Nach der Ermordung Samuels randalierten Studierende weiter auf dem Campus. Am Samstag verhängte Gouverneur Aminu Tambuwal eine vorerst 24-stündige Ausgangssperre.

Landesweit ist der Lynchmord scharf verurteilt worden. Nigerias Präsident Muhammadu Buhari ließ durch einen Sprecher betonen, dass die Ermordung „besorgniserregend“ sei. Alle Zusammenhänge müssten unparteiisch und umfassend untersucht werden. Auch sei es nicht das Recht von Gläubigen, das Verhalten einer anderen Person zu beurteilen.

Lynchmorde „gehören in die Steinzeit“

Lynchmorde würden in die Steinzeit gehören, sagte Ishaq Akintola, Direktor der muslimischen Gruppierung Muric, die in den vergangenen Jahren immer wieder scharf gegen christliche Bewegungen gewettert hat.

Während in Nigerias Süden überwiegend Chris­t*in­nen leben, ist der Norden muslimisch geprägt. In zwölf Bundesstaaten gilt die Scharia. Unruhen nach angeblicher Prophetenbeleidigung und Gotteslästerung gab es schon öfter. 2016 wurden im Bundesstaat Niger vier Personen getötet, weil sich ein christlicher Händler angeblich abfällig über Prophet Mohammed geäußert hatte.

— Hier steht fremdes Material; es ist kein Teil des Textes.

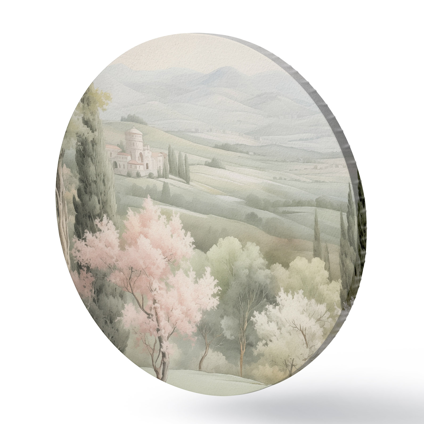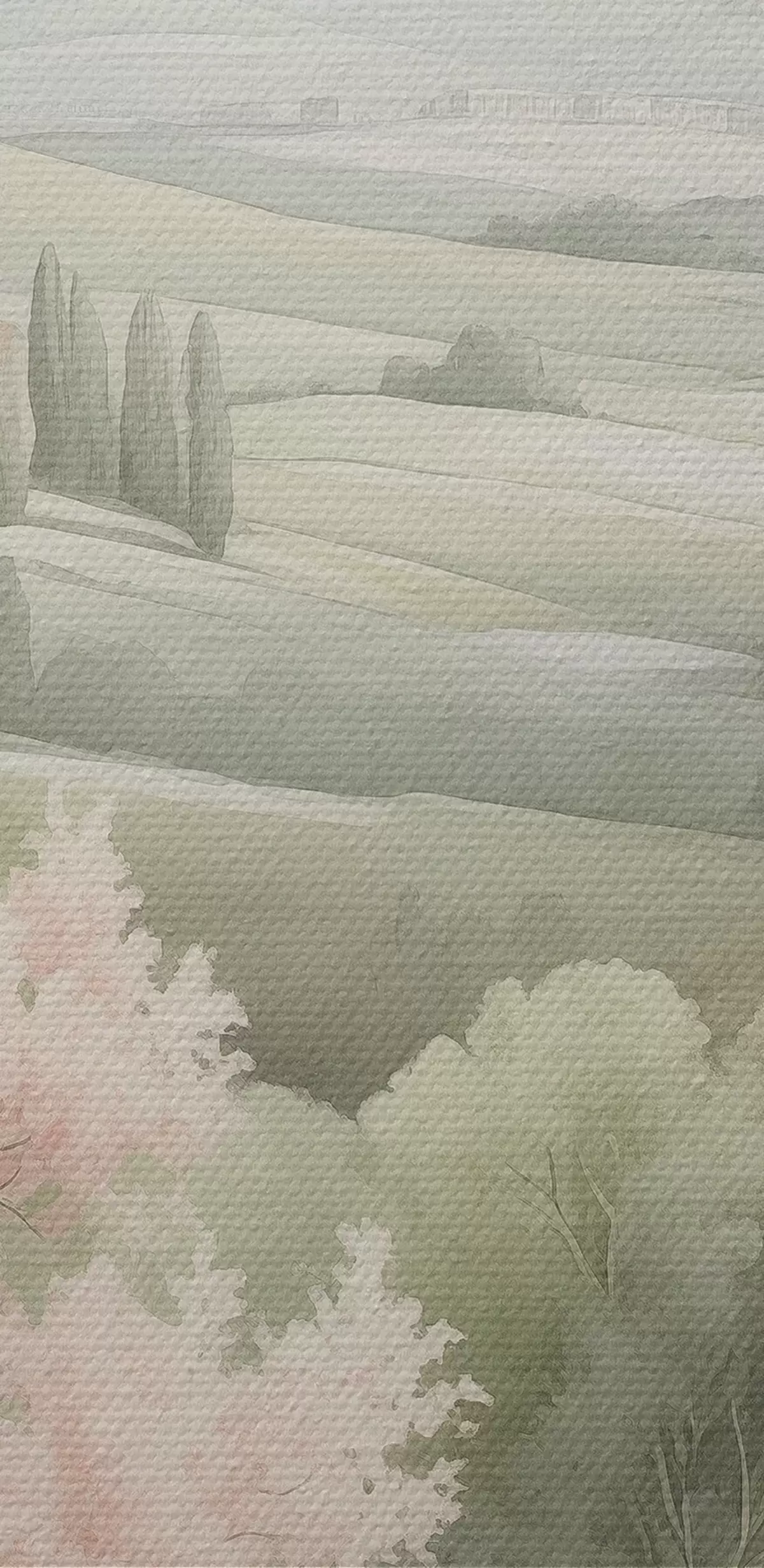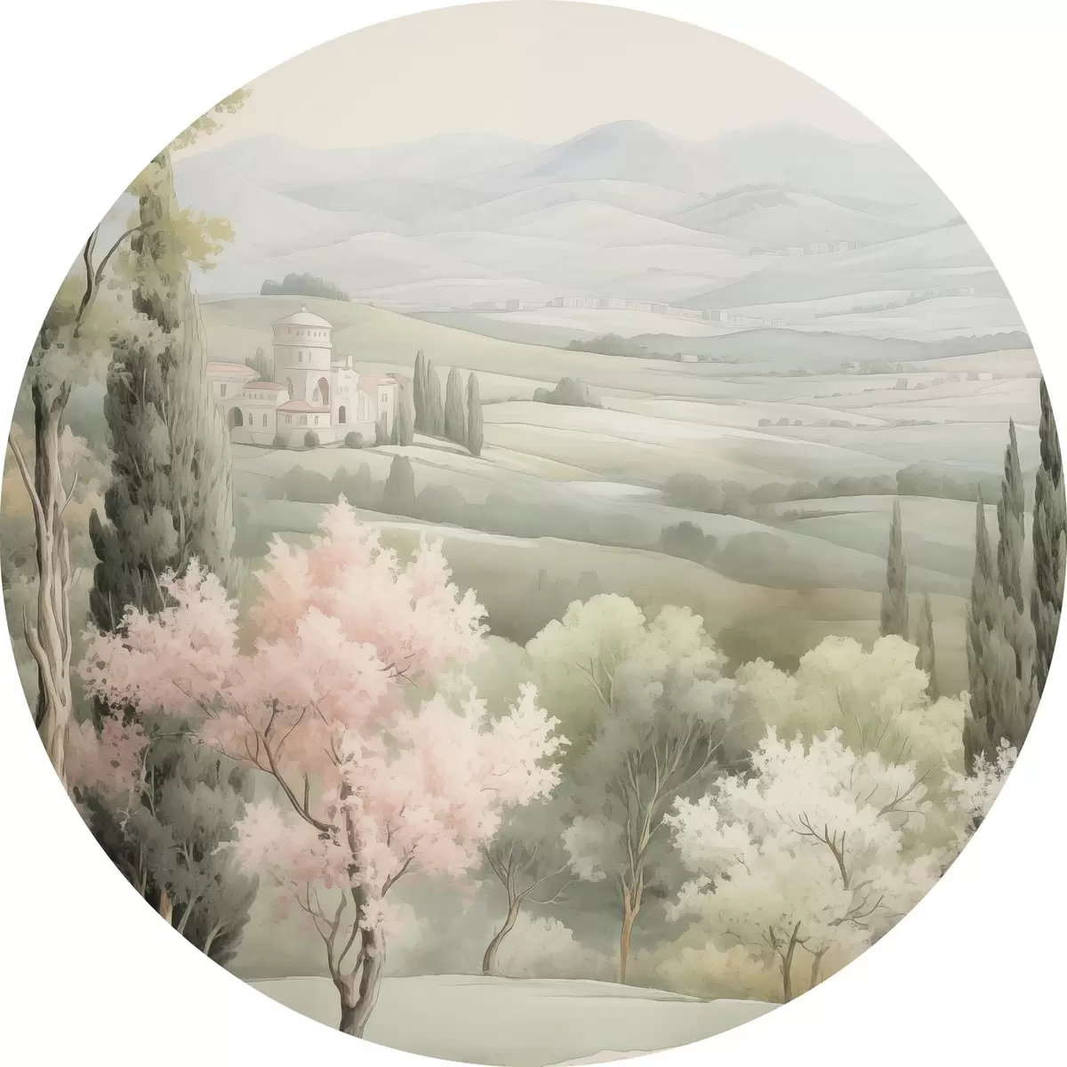 Pilt Akvarell loodus, õrnad värvid, roosid, puud, rohelised künkad Nr r41223
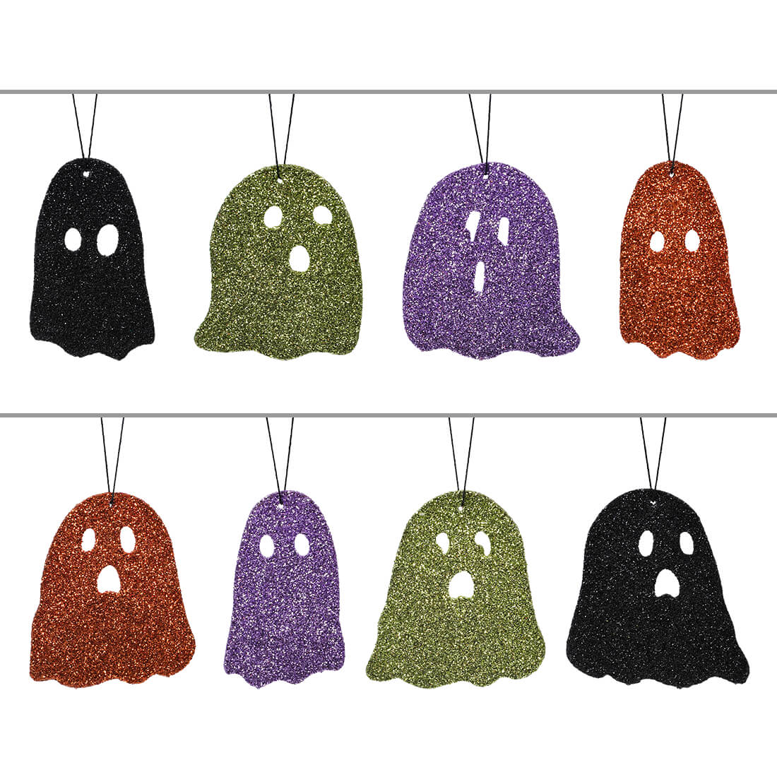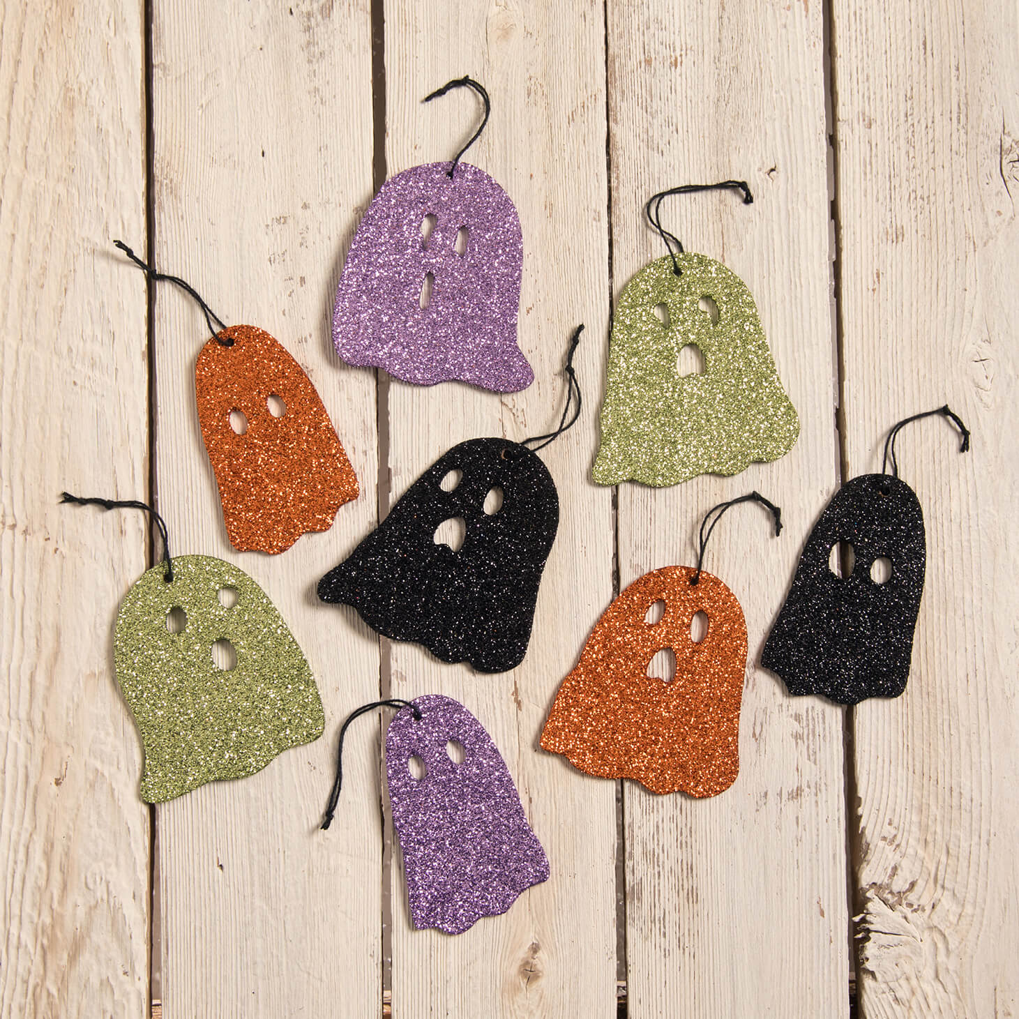 Are you Ready to spruce up your Halloween feather tree this year with something extra special? Then you definitely need a set of Ghostie Boos Ornaments! This fun and festive ornament set includes eight different, glittering ghouls embellished with black, green, purple and orange glitter on both sides!! Add these adorable decorations to your tree to create an eye-catching display that is sure to draw admiring glances from any who happen upon it. Whether it's for yourself or for that special someone in need of a little sparkle this holiday season, these charming ghosts could also be package tie-ons and tied around a napkin at your Halloween soiree! Bring some boo-tiful excitement into your home this season with Ghostie Boo’s Ornaments Set!

Auch haben Scharia-Gerichte harte Strafen wegen Blasphemie verhängt. 2020 sollte Yahaya Sharif-Aminu für ein Lied, das er in einer WhatsApp-Gruppe geteilt hatte, mit dem Tod bestraft werden. Dieses Urteil ist zwar aufgehoben worden. Nach derzeitigem Stand kann das Verfahren aber erneut aufgenommen werden.